To specify a new model, use init_ruleset:
>>> ripper_clf = RIPPER(random_state=42)
>>> ripper_clf.init_ruleset("[[Cap-shape=x^Cap-color=n] V [Odor=c] V ...]", class_feat=..., pos_class=...)
>>> ripper_clf.predict(df)
...
To modify a preexisting model, use add_rule, replace_rule, remove_rule, or insert_rule. To alter a model by index, use replace_rule_at, remove_rule_at, or insert_rule_at:
>>> ripper_clf.replace_rule_at(1, '[Habitat=l]')
>>> ripper_clf.insert_rule(insert_before_rule='[Habitat=l]', new_rule='[Gill-size=n ^ Gill-color=b]')

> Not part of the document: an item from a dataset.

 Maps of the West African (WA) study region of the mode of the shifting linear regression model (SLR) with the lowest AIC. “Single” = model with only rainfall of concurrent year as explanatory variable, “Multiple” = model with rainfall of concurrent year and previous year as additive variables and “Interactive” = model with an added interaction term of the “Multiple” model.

>>> ripper_clf.out_model()
[[delicious=y^spooky-looking=y] V
[Gill-size=n ^ Gill-color=b] V
[Habitat=l]]
To specify a starting point for training, use initial_model when calling fit:
>>> ripper_clf.fit(
>>> X_train,
>>> y_train,
>>> initial_model="[[delicious=y^spooky-looking=y] V [Odor=c]]")

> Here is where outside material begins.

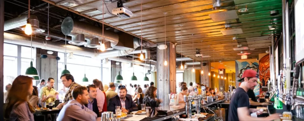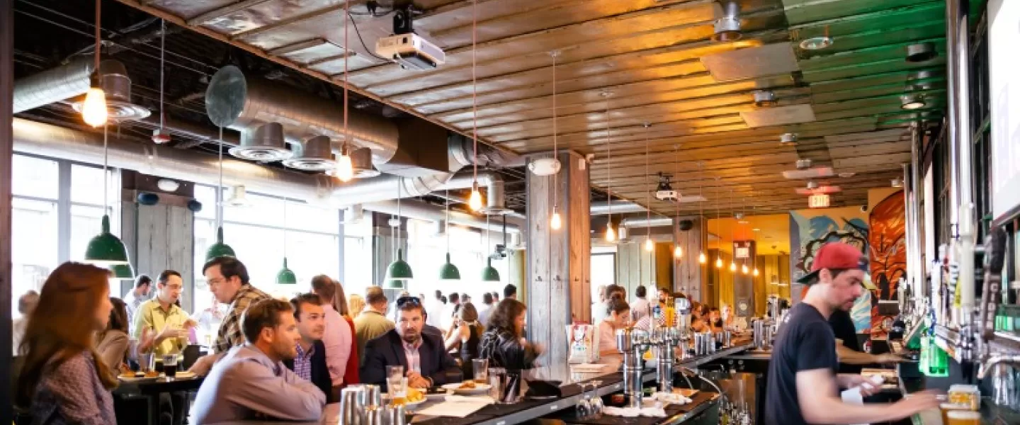Highline RxR is a sprawling beer hall located prominently on the main drag in Crystal City. The full-service bar boasts 40 drafts that are available in liter mugs. Long beer hall tables make for a good time whether you're with a large group or meeting the people next to you, and table games are a great way to pass the time when your sports team isn't on one of the massive TV screens. For those who are hungry, Highline RxR serves everything from giant pretzels to burgers and sandwiches.

Expected string syntax for a Ruleset is [<Rule1> V <Rule2> V ...], for a Rule [<Cond1>^<Cond2>^...], and for a Cond feature=value`. '^' represents 'and'; 'V' represents 'or'. (See the Training section above).
Interpreter models
Use the interpret module to interpret non-wittgenstein models. interpret_model generates a ruleset that approximates some black-box model by fitting a wittgenstein classifier to the predictions of the other model.
>>> import torch
>>> from torch import nn
>>> from wittgenstein.interpret import interpret_model, score_fidelity
# Define and train a PyTorch model
>>> class WineNet(nn.Module):
... def __init__(self):
... super().__init__()
... self.net = nn.Sequential(
... nn.Linear(n_feats, 32), nn.ReLU(),
... nn.Linear(32, 1), nn.Sigmoid())
... def forward(self, x):
... return self.net(x)
>>> model = WineNet()
>>> # ... train model ...
# Provide a predict function to handle DataFrame → tensor → binary array conversion
>>> def torch_predict(X, model):
... with torch.no_grad():
... t = torch.tensor(X.values.astype(float), dtype=torch.float32)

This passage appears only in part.